─── THE DATA

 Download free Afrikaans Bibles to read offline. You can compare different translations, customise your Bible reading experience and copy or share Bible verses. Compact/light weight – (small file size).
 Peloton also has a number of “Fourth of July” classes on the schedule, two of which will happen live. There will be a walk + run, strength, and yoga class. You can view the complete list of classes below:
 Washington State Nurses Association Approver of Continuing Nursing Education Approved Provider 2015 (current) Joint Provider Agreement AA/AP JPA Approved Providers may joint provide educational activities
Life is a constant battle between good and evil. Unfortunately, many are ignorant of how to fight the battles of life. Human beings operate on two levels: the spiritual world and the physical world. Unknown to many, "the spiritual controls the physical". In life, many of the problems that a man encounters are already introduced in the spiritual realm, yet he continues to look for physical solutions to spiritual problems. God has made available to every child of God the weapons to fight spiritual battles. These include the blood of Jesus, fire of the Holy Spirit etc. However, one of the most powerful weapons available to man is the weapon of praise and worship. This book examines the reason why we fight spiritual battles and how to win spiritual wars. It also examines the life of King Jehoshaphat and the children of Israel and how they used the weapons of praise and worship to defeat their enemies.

──────
─── THE DATA

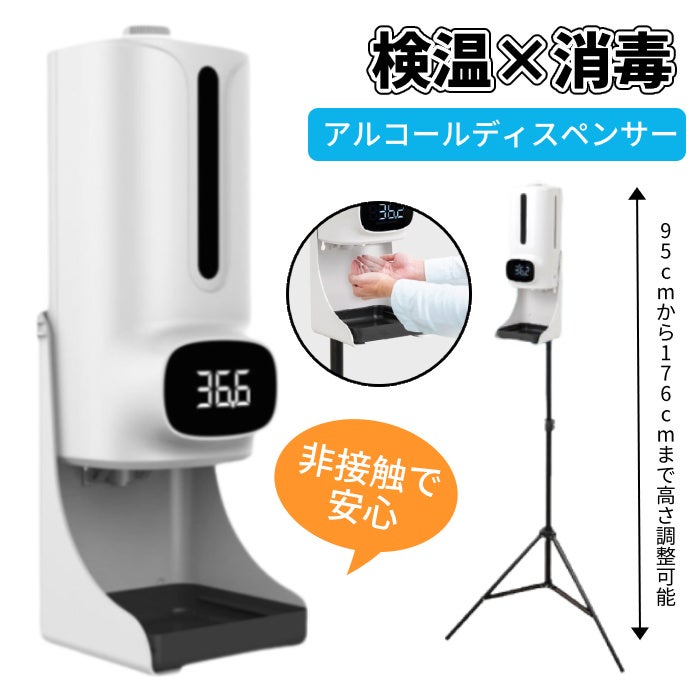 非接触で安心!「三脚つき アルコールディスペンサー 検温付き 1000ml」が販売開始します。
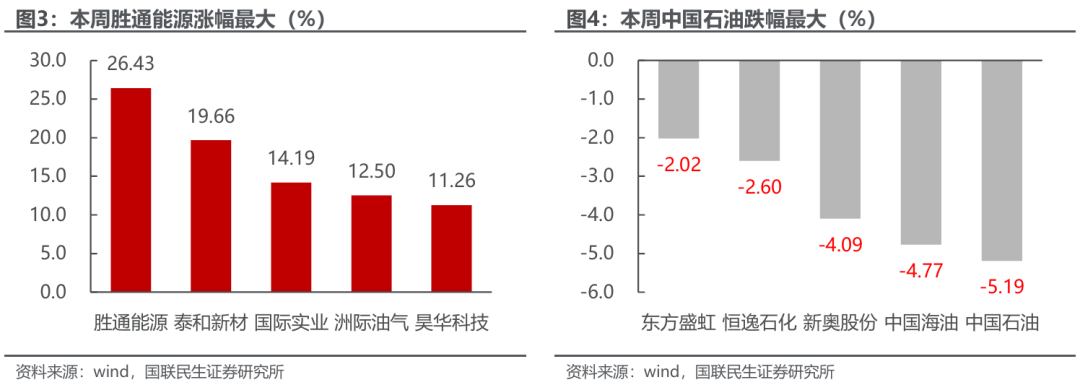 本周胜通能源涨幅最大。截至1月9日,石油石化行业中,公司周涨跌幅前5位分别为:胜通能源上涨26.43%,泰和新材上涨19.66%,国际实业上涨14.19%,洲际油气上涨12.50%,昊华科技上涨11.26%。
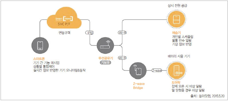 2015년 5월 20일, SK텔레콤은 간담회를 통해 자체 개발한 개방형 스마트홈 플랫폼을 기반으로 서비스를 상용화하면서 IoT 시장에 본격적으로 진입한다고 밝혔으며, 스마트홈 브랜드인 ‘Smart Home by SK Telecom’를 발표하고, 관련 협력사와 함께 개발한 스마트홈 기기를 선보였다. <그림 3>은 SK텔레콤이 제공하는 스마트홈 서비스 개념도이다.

──────

WHAT YOU ARE ASKED TO DO
In the records above, copy exactly everything from the line that has "非接触で安心!「三脚つき アルコールディスペンサー 検温付き" down to the line that has "2015년 5월 20일, SK텔레콤은", both ends included, and leave out the pictures.

ANSWER TO THIS TASK
 非接触で安心!「三脚つき アルコールディスペンサー 検温付き 1000ml」が販売開始します。
 本周胜通能源涨幅最大。截至1月9日,石油石化行业中,公司周涨跌幅前5位分别为:胜通能源上涨26.43%,泰和新材上涨19.66%,国际实业上涨14.19%,洲际油气上涨12.50%,昊华科技上涨11.26%。
 2015년 5월 20일, SK텔레콤은 간담회를 통해 자체 개발한 개방형 스마트홈 플랫폼을 기반으로 서비스를 상용화하면서 IoT 시장에 본격적으로 진입한다고 밝혔으며, 스마트홈 브랜드인 ‘Smart Home by SK Telecom’를 발표하고, 관련 협력사와 함께 개발한 스마트홈 기기를 선보였다. <그림 3>은 SK텔레콤이 제공하는 스마트홈 서비스 개념도이다.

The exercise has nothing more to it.